LONDRA - Con quelle sei dita mostrate al pubblico di Anfield intento a sbeffeggiarlo con cori che ne preconizzavano un esonero immediato, e tese a sottolineare i titoli vinti nelle ultime sette stagioni, Pep Guardiola ha firmato la resa del suo Manchester City e l’addio definitivo a quell’immagine dell’umile genio con cui, a dispetto della sua grandezza, si è sempre pubblicamente proposto. Lui, il più leggendario allenatore della sua generazione, vincitore di 34 trofei in 16 anni di carriera, e sempre pronto a sminuire la sua personale grandeur, evidenziando invece quella dei suoi calciatori, all’improvviso, sentitosi messo all’angolo, ha ceduto alla tentazione di mettere sé stesso davanti a tutto e tutti.
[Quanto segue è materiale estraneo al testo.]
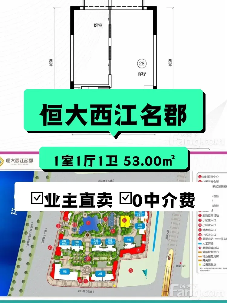 鼎湖 恒大西江名郡 1室1厅 53.00㎡ 20万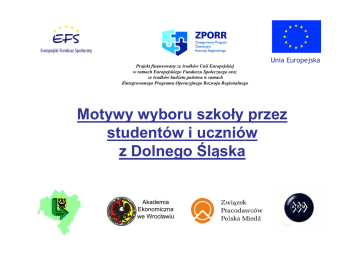 Projekt finansowany ze środków Unii Europejskiej w ramach Europejskiego Funduszu Społecznego oraz ze środków budżetu państwa w ramach Zintegrowanego Programu Operacyjnego Rozwoju Regionalnego Unia Europejska Motywy wyboru szkoły przez studentów i uczniów z Dolnego Śląska Akademia Ekonomiczna we Wrocławiu Celem prezentacji będzie przedstawienie motywów wyboru szkoły/kierunku studiów przez dolnośląskich uczniów szkół ponadgimnazjalnych i studentów uczelni wyższych Prezentowane wyniki pochodzą z dwóch badań ankietowych: • badanie studentów uczelni wyższych (I 2006r.) • badanie uczniów szkół ponadgimnazjalnych (I 2006r.) Obydwa badania wykonał instytut ASM – Centrum Badań i Analiz Rynku w ramach projektu „WIEDZA PLUS 2” Badanie studentów: • badanie zostało przeprowadzone w styczniu 2006r. • badanie zostało przeprowadzone techniką ankietową za pomocą specjalnie stworzonego kwestionariusza wywiadu • próba badawcza objęła 900 studentów ostatnich dwóch lat studiów • próba badawcza była dobrana w sposób kwotowy • analizy były prowadzone oddzielnie dla studentów uczelni państwowych i prywatnych Badanie uczniów: • badanie zostało przeprowadzone w styczniu 2006r. • badanie zostało przeprowadzone techniką ankietową za pomocą specjalnie stworzonego kwestionariusza wywiadu • próba badawcza objęła 580 uczniów ostatnich dwóch klas szkół ponadgimnazjalnych • próba badawcza była dobrana w sposób kwotowy • analizy były prowadzone oddzielnie dla uczniów z zasadniczych szkół zawodowych, liceów ogólnokształcących i średnich szkół zawodowych Motywy wyboru uczelni wyższej Przyczyny wyboru kierunku studiów (w %; N=900)* moje zainteresowania 66,6 24,2 daje szansę na znalezienie pracy 20,2 prestiz tego kierunku 16,8 przypadek procedura rekrutacyjna 12,8 10,4 szkoła średnia przygotowała mnie do tego kierunku ktoś inny pomógł mi podjąc decyzję 8,4 modny, popularny kierunek 7,6 6,8 studiują tu moi znajomi 5,4 tradycje rodzinne 2,8 mogę jednoczesnie pracowac 1,1 ograniczony wybór w mojej miejscowości 0 *Wykres prezentuje odpowiedzi, które uzyskały pow. 1% wskazań. 80 Przyczyny wyboru kierunku studiów przez studentów z uczelni państwowych (w %; N=748)* 68,0 moje zainteresowania 22,7 daje szansę na znalezienie pracy przypadek 17,9 prestiz tego kierunku 17,8 procedura rekrutacyjna 12,0 11,0 szkoła średnia przygotowała mnie do tego kierunku ktoś inny pomógł mi podjąc decyzję 7,8 6,0 tradycje rodzinne studiują tu moi znajomi 5,9 modny, popularny kierunek 5,7 1,6 mogę jednoczesnie pracowac 1,3 ograniczony wybór w mojej miejscowości 0 *Wykres prezentuje odpowiedzi, które uzyskały pow. 1% wskazań. 80 Przyczyny wyboru kierunku studiów przez studentów z uczelni prywatnych (w %; N=152)* moje zainteresowania 59,2 32,2 prestiz tego kierunku 31,6 daje szansę na znalezienie pracy procedura rekrutacyjna 16,4 modny, popularny kierunek 16,4 ktoś inny pomógł mi podjąc decyzję 11,8 przypadek 11,2 studiują tu moi znajomi 11,2 mogę jednoczesnie pracowac 8,6 szkoła średnia przygotowała mnie do tego kierunku 7,9 2,6 tradycje rodzinne 0 *Wykres prezentuje odpowiedzi, które uzyskały pow. 1% wskazań. 70 Motywy wyboru szkoły ponadgimnazjalnej Przyczyny wyboru rodzaju szkoły (w %; N=580)* 43,3 moje zainteresowania prestiż tej szkoły 34,8 znajomi też wybrali tę szkołę 28,3 27,4 chcę mieć dobre przygotowanie do studiów daje szansę na znalezienie pracy 22,1 20,9 chcę mieć konkretny zawód po ukończeniu szkoły ktoś inny pomógł mi podjąc decyzję 20,2 15,5 liczba punktów w teście na koniec gimnazjum 10,9 ograniczony wybór szkół w tej miejscowości 8,8 tradycje rodzinne 3,1 lokalizacja 1,9 inne 0 *Wykres prezentuje odpowiedzi, które uzyskały pow. 1% wskazań. 50 Przyczyny wyboru rodzaju szkoły przez uczniów z zasadniczych szkół zawodowych (w %; N=80)* 42,5 moje zainteresowania 41,3 daje szansę na znalezienie pracy 37,5 chcę mieć konkretny zawód po ukończeniu szkoły 32,5 znajomi też wybrali tę szkołę ktoś inny pomógł mi podjąc decyzję 18,8 liczba punktów w teście na koniec gimnazjum 17,5 11,3 prestiż tej szkoły ograniczony wybór szkół w tej miejscowości 7,5 5,0 inne 3,8 tradycje rodzinne 2,5 nie dostałem/am się do innej szkoły lokalizacja 1,3 chcę mieć dobre przygotowanie do studiów 1,3 0 *Wykres prezentuje odpowiedzi, które uzyskały pow. 1% wskazań. 50 Przyczyny wyboru rodzaju szkoły przez uczniów ze szkół średnich zawodowych (w %; N=225)* 44,9 moje zainteresowania 35,1 chcę mieć konkretny zawód po ukończeniu szkoły znajomi też wybrali tę szkołę 32,4 31,6 daje szansę na znalezienie pracy 20,4 ktoś inny pomógł mi podjąc decyzję prestiż tej szkoły 18,2 13,3 ograniczony wybór szkół w tej miejscowości liczba punktów w teście na koniec gimnazjum 11,6 6,7 chcę mieć dobre przygotowanie do studiów 5,8 tradycje rodzinne 4,4 lokalizacja inne 1,3 brak odp. 1,3 0 *Wykres prezentuje odpowiedzi, które uzyskały pow. 1% wskazań. 50 Przyczyny wyboru rodzaju szkoły przez uczniów z liceów ogólnokształcących (w %; N=275)* 55,3 prestiż tej szkoły chcę mieć dobre przygotowanie do studiów 52,0 42,2 moje zainteresowania 23,6 znajomi też wybrali tę szkołę ktoś inny pomógł mi podjąc decyzję 20,4 liczba punktów w teście na koniec gimnazjum 18,2 tradycje rodzinne 12,7 9,8 ograniczony wybór szkół w tej miejscowości daje szansę na znalezienie pracy 8,7 4,4 chcę mieć konkretny zawód po ukończeniu szkoły 2,5 lokalizacja 1,5 inne 0 *Wykres prezentuje odpowiedzi, które uzyskały pow. 1% wskazań. 60 Wnioski • Zarówno uczniowie jak i studenci wybierając szkołę/kierunek studiów kierują się motywacją trojakiego rodzaju: • orientacja zawodowo-pragmatyczna (wybór szkoły/kierunku studiów podyktowany szansami na uzyskanie pracy), • orientacja hobbystyczna (własne zainteresowania) • orien

Un moto d’orgoglio umanamente comprensibile, soprattutto perché arrivato da chi ha un’esperienza estremamente limitata delle sensazioni che accompagnano la sconfitta. Ma che di fatto lancia un messaggio pericoloso al popolo dei Cityzens, incitandolo implicitamente e per la prima volta a gioire della gloria accumulata a iosa nel recente passato invece che ad attendersi nuove vittorie da celebrare tutti insieme. «Tutti gli stadi vogliono licenziarmi, è iniziato tutto a Brighton e, forse, hanno ragione visti i risultati che abbiamo ottenuto ultimamente».
Pep come Mourinho
«Dai tifosi del Liverpool, però, non me lo aspettavo», ha detto a fine gara, affidandosi a quella strategia dell’assedio così lontana dall’immagine che si ha del catalano. Insomma, una cosa che ti aspetteresti da Mourinho, maestro nel segnalare con veemenza nemici veri o presunti, e nel mettere lui stesso davanti a ogni cosa. Come quando da tecnico del Man United, dopo una sconfitta per 3-0 contro gli Spurs, inveì contro tutto e tutti, uscendosene con la famosa frase: «Ho vinto più Premier io da solo degli altri 19 allenatori messi insieme». Poche settimane dopo, fu licenziato. A Manchester nessuno, ovviamente, avrà l’ardore di licenziare Pep Guardiola. Ci mancherebbe. Anzi, è molto probabile che lui stesso, rivedendosi nelle immagini di questo ultimo mese – dalla conferenza piccata durata pochi secondi, al volto sfigurato dai graffi auto inflitti, fino alle sei dita di Anfield – capirà che tutta questa collera sta offuscando la capacità che più delle altre ha contribuito a renderlo il più grande: quella di trovare sempre una soluzione immediata ai problemi. Probabilmente, dovrà iniziare dall’ammettere che questa crisi senza precedenti (6 sconfitte e un pareggio nelle ultime 7), non può avere come unica matrice i tanti infortuni. Il City deve tornare a correre in mezzo al campo, recuperare quell’intensità perduta per strada. E forse anche iniziare a pensare che dalla prossima stagione, problemi giudiziari permettendo, dovrà mettere in moto una ricostruzione della rosa: con Pep Guardiola, ovviamente.